Market: Who does this person interact with and why? What circles do they run in? What do they do and what are they looking to get?
Obviously, these are all elements that interact with a brand. A personal brand especially. BUT, here’s what we have found to be true time and time again across industries, company sizes, and demographics:
Your personal brand is what people say about you when you’re not around.
Because even though social media and the branding elements listed above ARE important, they won’t matter as much as one of your 17K followers telling a prospect, “Oh, him? Yeah, honestly he’s so fake—he sent the same email to me and four other people I work with to try and get our account and then forgot my name. Ugh, good luck with THAT call.”
Consider that businesses have personal brands, and imagine the catastrophic repercussions of the following: “Oh, ABC Company? Jeez, we just finished a project with them and, honestly, we’ll never do one again. They got it done on time, but it was so hard to communicate—they were late on emails and never took the blame when they screwed something up.”
SO . . . if social media and aesthetics aren’t the answer, how does one manage and even grow a true personal brand?
Three things we regularly coach clients to do:
Be of outstanding character: It sounds basic, but it’s not. Being honest, admitting your mistakes, admitting when you don’t know something, not trying to be an expert—these are uncommon actions in business where good people often take the easy way out by exaggerating, making tiny excuses, and sweeping small errors under the rug. People might let you get away with it—but they do notice. Be the person about whom people can (and will) say, “He’s always so honest! You know he actually made a mistake on our first order but called to tell us right away and figured it out.”

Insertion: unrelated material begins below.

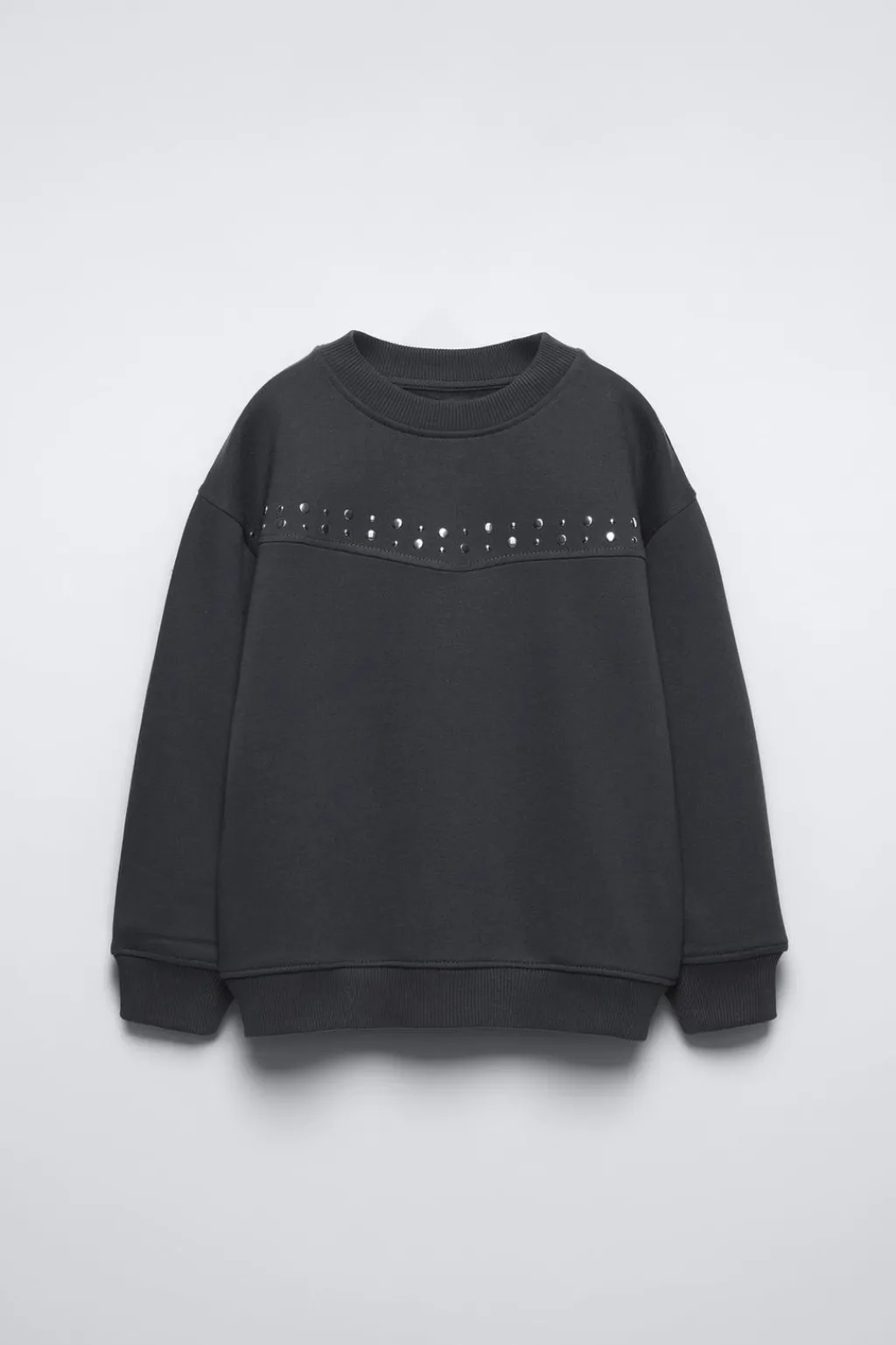 Sudaderas con cuello redondo y manga larga. Aplique tachas en delantero. Acabados en rib. Calidad interior cálida y suave.

Be fun to be around: We all buy from folks who aren’t fun to be around. And so people have this notion that being fun and positive when doing business is unnecessary or gimmicky. Here’s the truth: We would only buy from fun and positive people if we had the option. Rather than pretending to be happy to get a sale, invest in your self-care, hobbies, family, and mental health so you are a generally fun and happy person! More often than not, people will love you for it and be pleased to do business with you.
Be clear: No one likes being confused. And no one likes feeling unsure of what is going on. When you communicate clearly and memorably, people will appreciate and go to bat for you whether you’re around or not. In a world full of: “I’ll have to get back to you sometime early next week!” “Sure let’s touch base in a few weeks!” “I’m so swamped right now but I’m still interested, let me get back to you when things die down.” Be the change you want to see: “Unfortunately that’s not a meeting that makes sense for us—how about a phone call?” “We really don’t have a need at this time, but we appreciate your outreach!” “Next week is bad, but how about the following Tuesday at 2 p.m. over Zoom?”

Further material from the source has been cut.